5 Types of AI Hallucinations (And How to Detect Them)

#ai #machinelearning #agents #discuss

The Many Faces of Hallucination

When developers hear "AI hallucination," they usually picture an LLM confidently making up a completely false fact, like claiming the moon is made of cheese. While this Factual Hallucination is a real problem, it's only one piece of a much larger puzzle.

In production AI agents, there are several other, more subtle types of hallucinations that can be just as damaging. If your evaluation framework only checks for factual errors, you're leaving your application vulnerable.

Here are the five key types of hallucinations you need to be detecting.

Type 1: Factual Hallucination

This is the classic definition. The agent states something as a fact that is verifiably false in the real world.

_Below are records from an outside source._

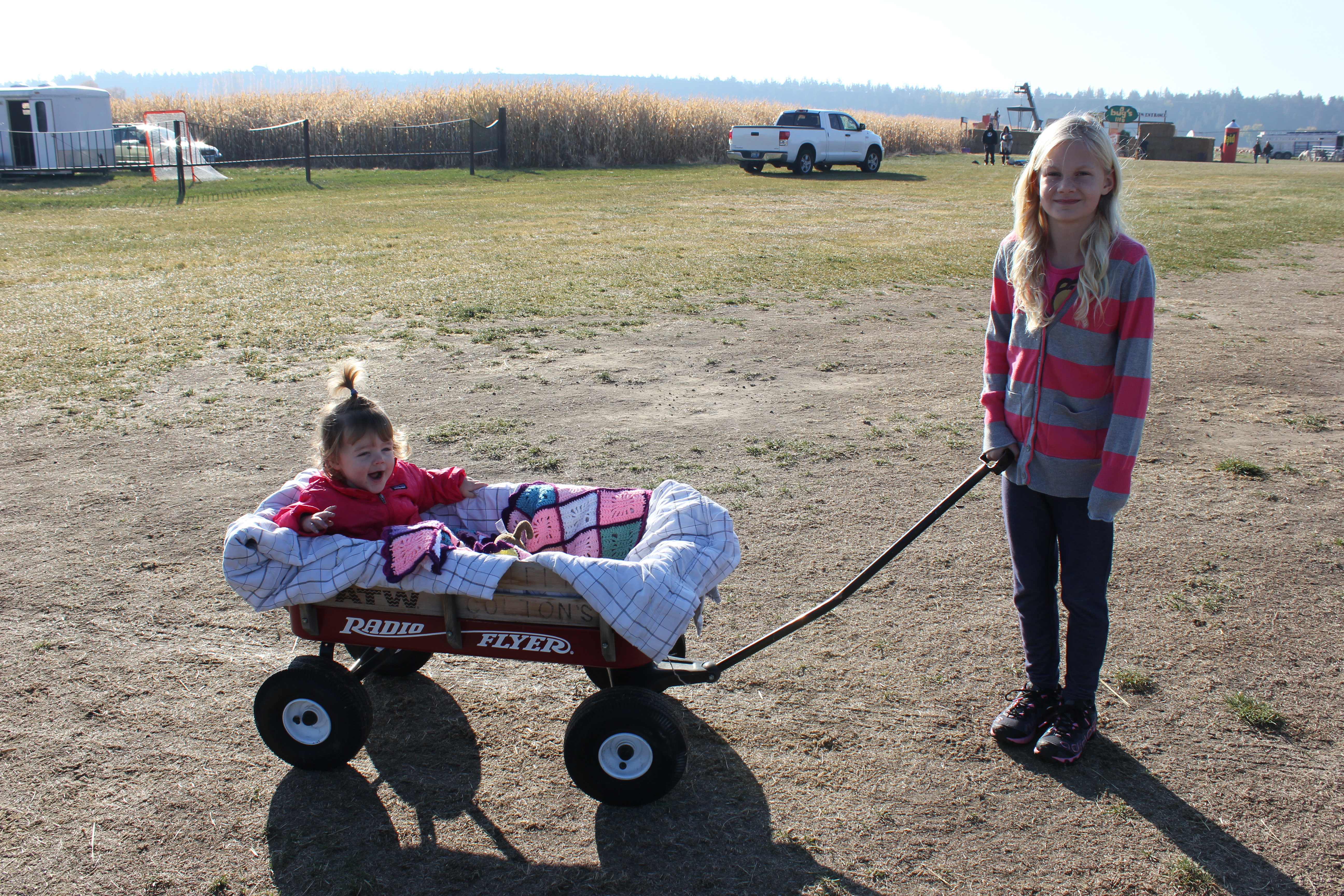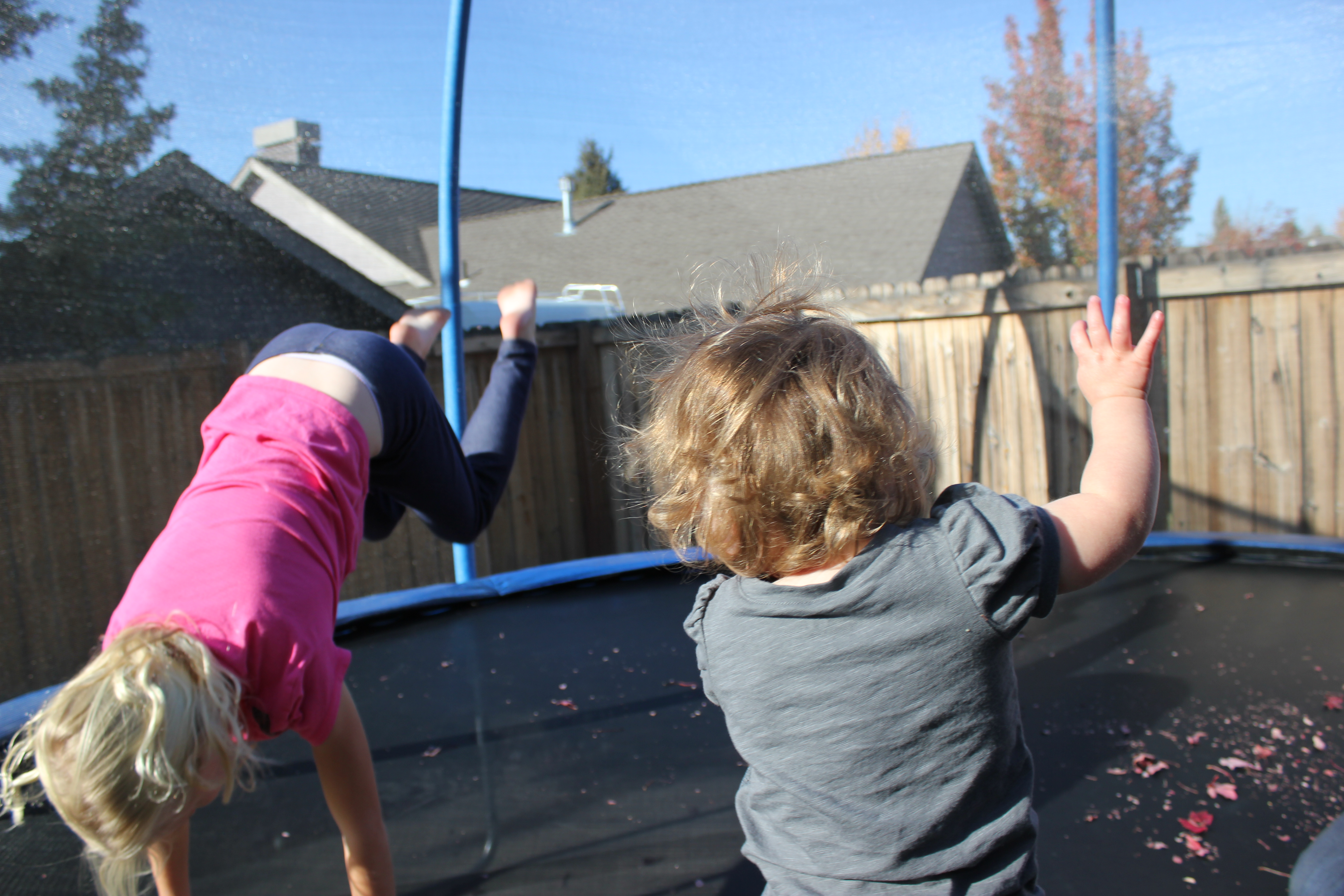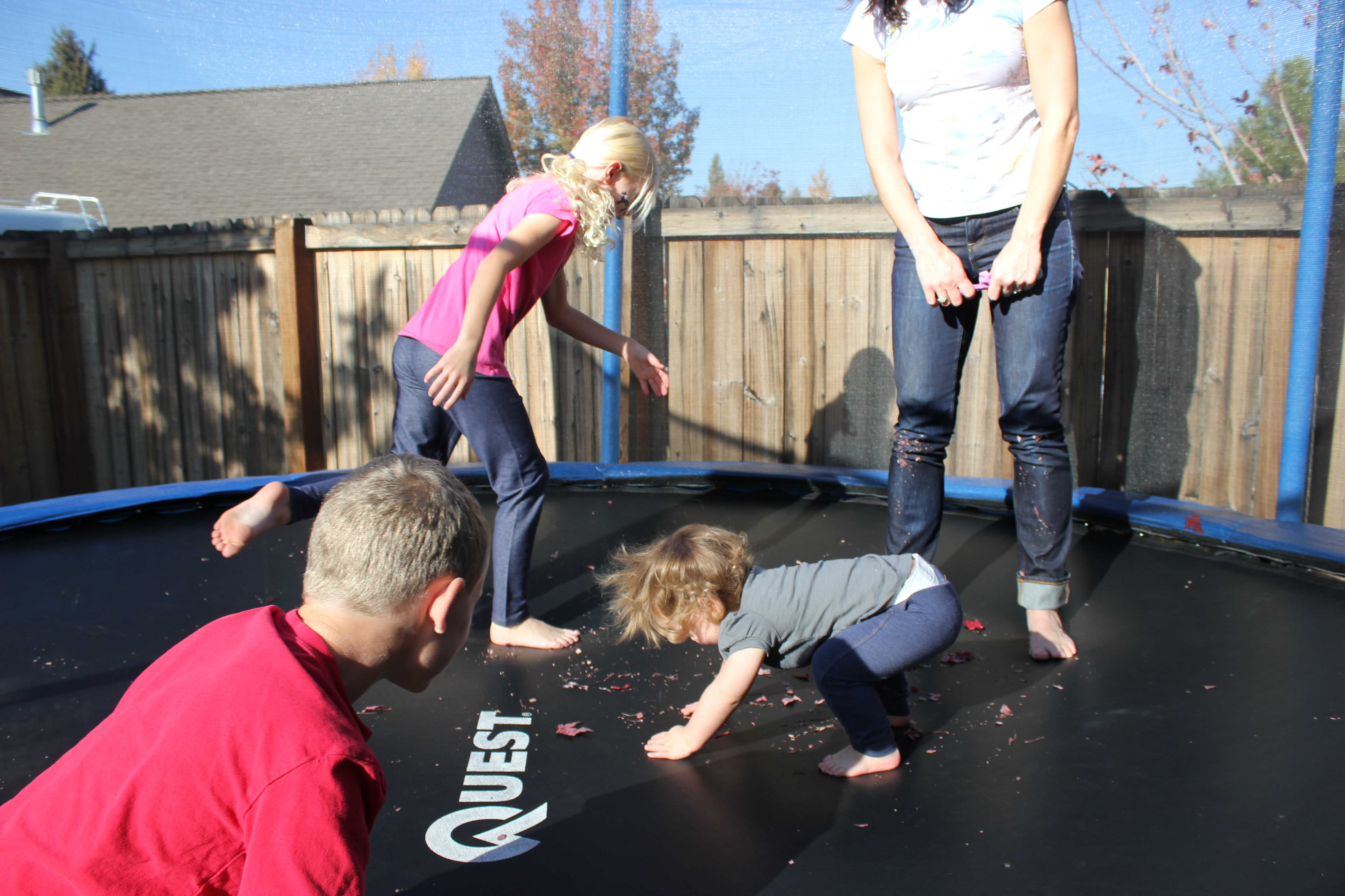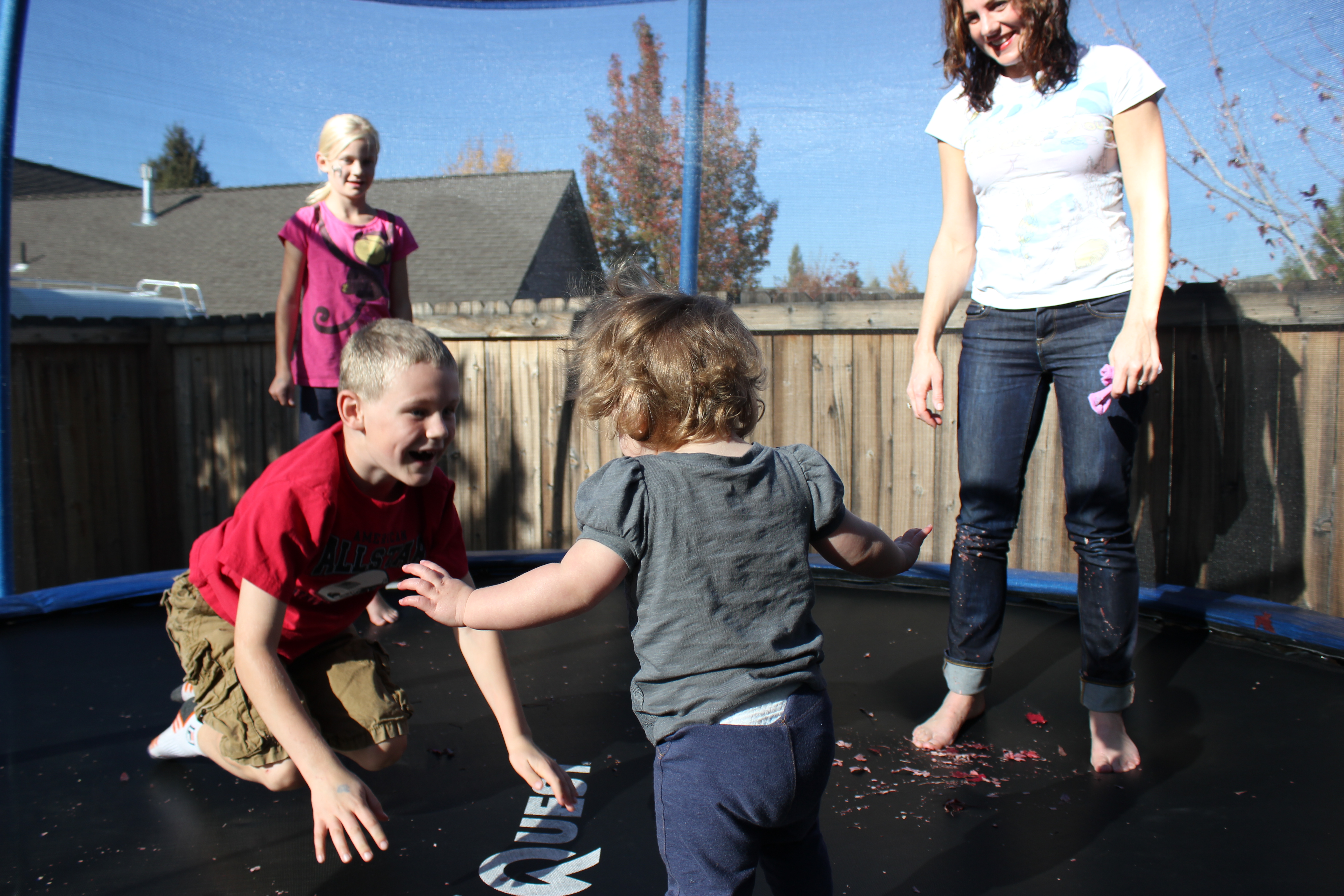 Cousins, Katelyn & Colton, showed Alaire a pretty darn good time! They pulled her in the wagon, on the bean bag and politely jumped at toddler speed so she could enjoy the big trampoline. We love our cousins!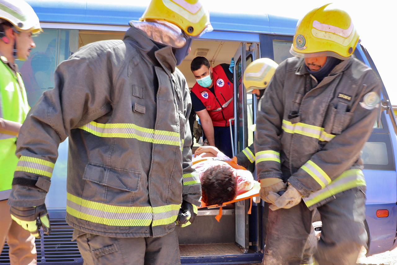 نفذت هيئة الهلال الاحمر السعودي بمنطقة تبوك يوم أمس الأثنين 1445/11/12 هـ. الموافق 2024/5/20 م ، فرضية حادث انقلاب باص ركاب متعدد الإصابات، على طريق عمان.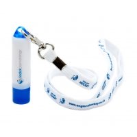 Artikel-Nr: A358LB04Lippenpflegestift mit farblich wählbarem Clip und neutralem Lanyard, 1c-Druck auf Lanyard gegen Aufpreis möglich.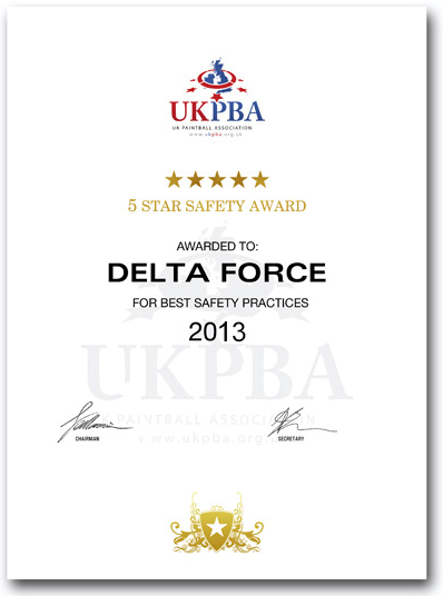 The UKPBA, Great Britain’s leading authority on all things paintball, have for the twentieth year running awarded Delta Force Paintball with a five-star safety accreditation, in recognition of the company’s dedication to quality safety practices and modern facilities! Working in unison with UKPBA has led to fantastic advancements in equipment reliability, customer satisfaction, quality consistencyat every centre and many other essential values that has made Delta Force Paintball the most trusted name in the industry.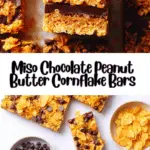 No-bake cornflake bars combining the sweet-salty richness of peanut butter, chocolate, and miso with crunchy cereal. A unique, kid-friendly treat perfect for snacks or dessert.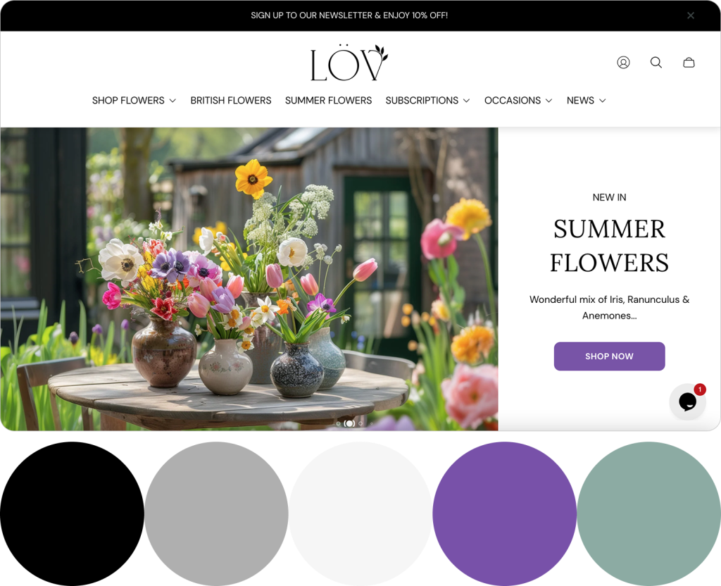 LÖV Flowers is a UK-based flower delivery service, with the goal of bringing the charm of local flower shops online, allowing people to order flowers from the comfort of their home. The business focused on creating a joyful, intuitive shopping experience rooted in Scandinavian aesthetics and eco-conscious values.
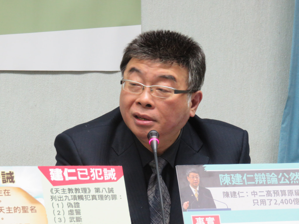 新黨不分區立委候選人邱毅、國民黨立院黨團副書記長、立委王育敏,以及國民黨文傳會主委林奕華今(30)日上午共同召開記者會「建仁兄,該告解了」,記者會中還準備了「十誡」等紙板道具,痛批陳建仁說謊,「已違反十誡」,應該要去告解,三人在會中不斷提及陳建仁的天主教徒身分。

Example: "The first person to walk on Mars was Neil Armstrong."
Detection: Requires external knowledge validation, often through a search tool or a curated knowledge base.

Type 2: Contextual Hallucination (RAG Failure)

This is particularly dangerous in Retrieval-Augmented Generation (RAG) systems. The agent is given a specific context (like a document or a database query result) and is instructed to answer based only on that context. A contextual hallucination occurs when the agent ignores the context and uses its general knowledge instead.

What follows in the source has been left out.